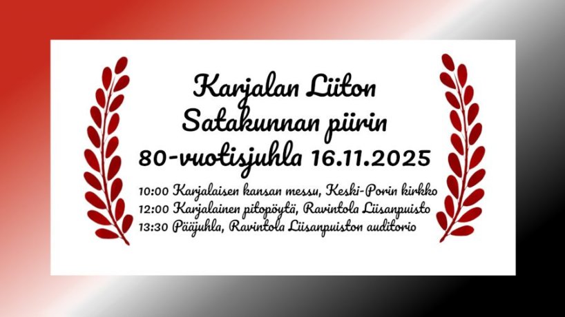Karjalan Liiton Satakunnan piiri viettää 80-vuotisjuhlaansa Porissa sunnuntaina 16.11.2025. Juhlallisuudet alkavat Karjalaisella kansan messulla Keski-Porin kirkossa klo 10. Messun jälkeen on seppeleiden lasku muistomerkeillä.
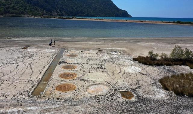 UNESCO Dünya Mirası Geçici Listesi'nde yer alan Kaunos Antik Kenti'ndeki çalışmalar sırasında 2005'te ortaya çıkarılan sahada, antik kent kazı heyeti inceleme yaptı. Tesisteki tuz tavalarının içindeki tuz oluşumları tesisin günümüze kadar işlevini yitirmediğini gösterdi. Kazı Başkanı Doç. Dr. Ufuk Çörtük, suların çekilmesiyle gün yüzüne çıkan antik tuz tesisi ile ilgili AA muhabirine, biri ticaret, diğerinin askeri olmak üzere tespit edilen iki limanıyla Kaunos Antik Kenti'nin bir liman şehri olduğuna söyledi.Tuz sahasında göl suyunun çekilmesiyle ortaya çıkan tuz tavalarını kazı ekibiyle incelediklerini belirten Çörtük, tuzun geçmişten bugüne insanoğlu için önemini dile getirdi. Çörtük, antik kaynaklarda Kaunos tuzunun farmakolojide göz merhemi yapımında katkı maddesi olarak kullanıldığının yer aldığını belirtti.Antik yazar Pirirus'un, "Tuz olmasaydı uygarlık da insanlık da olmazdı" sözünü hatırlayan Çörtük, "Tuz, insan vücudunun önemli bir ihtiyaç maddesi. Aynı zamanda da insanoğlunun bir geçim kaynağıdır. Antik dönemde mühendislik harikası bir yöntemle tesisin bu bölgeye kurulduğunu görüyoruz. Yaptığımız deneysel arkeolojik çalışmalarda yılın 3-4 aylık tuz üretim döneminde ortalama 4-5 ton tuz üretildiğini biliyoruz. Üretilen tuzların çuvallarla limana taşınarak gemilerle Yunanistan, adalar ve ihtiyacı olan bölgelere ihraç edildiğini biliyoruz." diye konuştu. Çörtük, Kaunos tuzlasının antik dünyada bir benzeri henüz tespit edilmediğini savundu.Tuz tavalarının su altında kalması nedeniyle yılın büyük bölümünde görülemediğini ifade den Çörtük, "Şimdi eylülün sonlarındayız. Yağışların az ve sıcaklığın fazla olması nedeniyle bu sene tuz tavaları gerçekten görülebilir durumda. Bu konuya ilgisi olan kişileri de buraya Kaunos tuzlasını, tuz tavalarını görmeye de davet ediyorum." dedi. Muhabir: Ömer Kundakçı,Özgürer Deniz Kundakçı
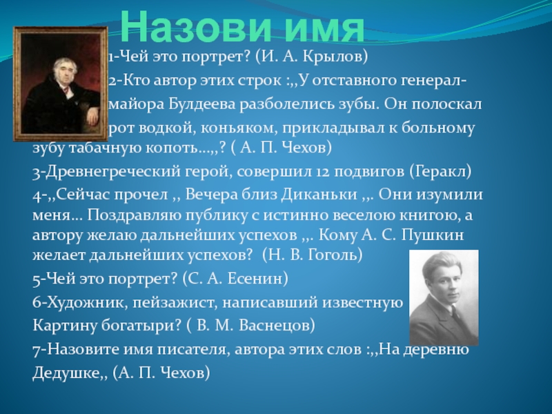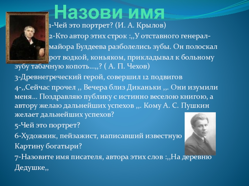 7-Назовите имя писателя, автора этих слов :,,На деревню
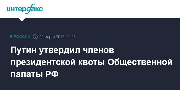 Москва. 20 марта. INTERFAX.RU - Президент РФ Владимир Путин своим указом утвердил членами Общественной палаты РФ 40 человек, составляющих президентскую квоту. Нынешнего секретаря ОП Александра Бречалова среди них нет.
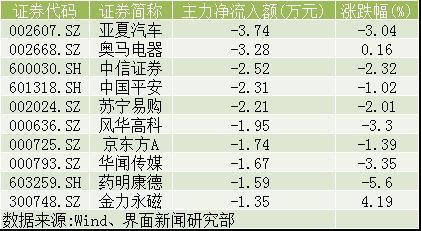 全天,沪深两市共计18只个股主力资金净流出额超1亿元。亚夏汽车(002607.SZ)、奥马电器(002668.SZ)、中信证券(600030.SH)成为今日主力抛售力度最大的三只个股,其净流出额分别为3.74亿元、3.28亿元、2.52亿元。
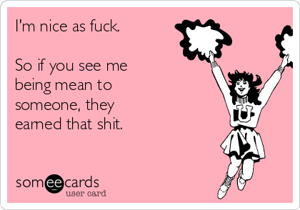 I'm nice as fuck so if you see me being mean to someone they've earned that shit!pic.twitter.com/iVXfzuYceT

# # # #

#### Your task
Take the line that contains "7-Назовите имя писателя, автора" as the first and the last line of the records as the end, and please quote those lines exactly, pictures omitted.

#### Written reply
 7-Назовите имя писателя, автора этих слов :,,На деревню
 Москва. 20 марта. INTERFAX.RU - Президент РФ Владимир Путин своим указом утвердил членами Общественной палаты РФ 40 человек, составляющих президентскую квоту. Нынешнего секретаря ОП Александра Бречалова среди них нет.
 全天,沪深两市共计18只个股主力资金净流出额超1亿元。亚夏汽车(002607.SZ)、奥马电器(002668.SZ)、中信证券(600030.SH)成为今日主力抛售力度最大的三只个股,其净流出额分别为3.74亿元、3.28亿元、2.52亿元。
 I'm nice as fuck so if you see me being mean to someone they've earned that shit!pic.twitter.com/iVXfzuYceT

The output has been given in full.